Melalui kebijakan ini, proses penyelesaian ditargetkan maksimal 10 hari kerja guna memberikan kepastian layanan sekaligus menghapus ketidakpastian yang selama ini banyak dikeluhkan masyarakat.
“Tanggal 17 Agustus nanti kita akan mulai pilot project di 15 Kantor Pertanahan untuk layanan Peralihan Hak atau balik nama. Targetnya, prosesnya selesai paling lama 10 hari,” ungkap Menteri ATR/Kepala BPN, Nusron Wahid, dikutip dari Kompas, Selasa (4/8).
Baca Juga: Menteri ATR/BPN Wacanakan Kewajiban Daftar Ulang Sertifikat Tanah 1961-1997!
Target penyelesaian maksimal 10 hari kerja itu mencakup seluruh tahapan layanan, yakni verifikasi Bea Perolehan Hak atas Tanah dan Bangunan (BPHTB) oleh pemerintah daerah selama tiga hari, pembuatan Akta Jual Beli (AJB) oleh PPAT dua hari, serta proses administrasi di Kantor Pertanahan selama lima hari.
Untuk menjamin pelaksanaannya, kementerian juga memperketat pengawasan terhadap kepatuhan Standar Operasional Prosedur (SOP).
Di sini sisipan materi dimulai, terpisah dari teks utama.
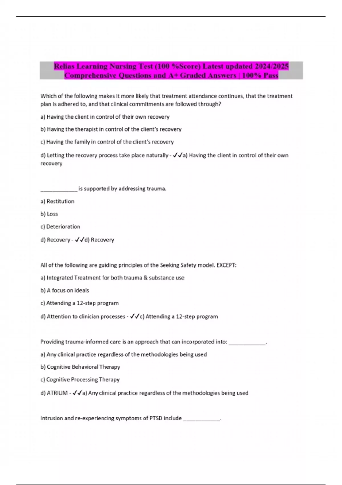 Relias Learning Nursing Test (100 %Score) Latest updated 2024/2025 Comprehensive Questions and Answers

Pegawai yang berulang kali melanggar akan dikenai sanksi bertahap mulai dari surat peringatan, mutasi, hingga pemberhentian.
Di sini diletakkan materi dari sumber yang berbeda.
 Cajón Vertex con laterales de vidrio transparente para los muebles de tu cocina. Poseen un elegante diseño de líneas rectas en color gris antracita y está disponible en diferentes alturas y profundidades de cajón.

“Kalau pelanggaran SOP terus berulang, tentu ada sanksinya. Mulai dari SP1, SP2, SP3, dipindahkan ke kantor yang lebih kecil, sampai akhirnya dikenai disiplin berat berupa pemberhentian apabila tetap tidak memperbaiki kinerjanya,” tuturnya.
Transformasi layanan ini merupakan bagian dari upaya Kementerian ATR/BPN meningkatkan kualitas pelayanan pertanahan melalui kepastian waktu penyelesaian.
Sebelumnya, kementerian juga telah menetapkan standar baru untuk layanan pengukuran bidang tanah dengan target maksimal tujuh hari di ratusan kantor pertanahan, sehingga masyarakat memperoleh kepastian sejak pengajuan hingga proses layanan selesai.
“Kami ingin pelayanan pertanahan benar-benar memberikan kepastian kepada masyarakat. Kalau ada keterlambatan, penyebabnya harus bisa diketahui sehingga bisa segera diperbaiki,” jelas Nusron.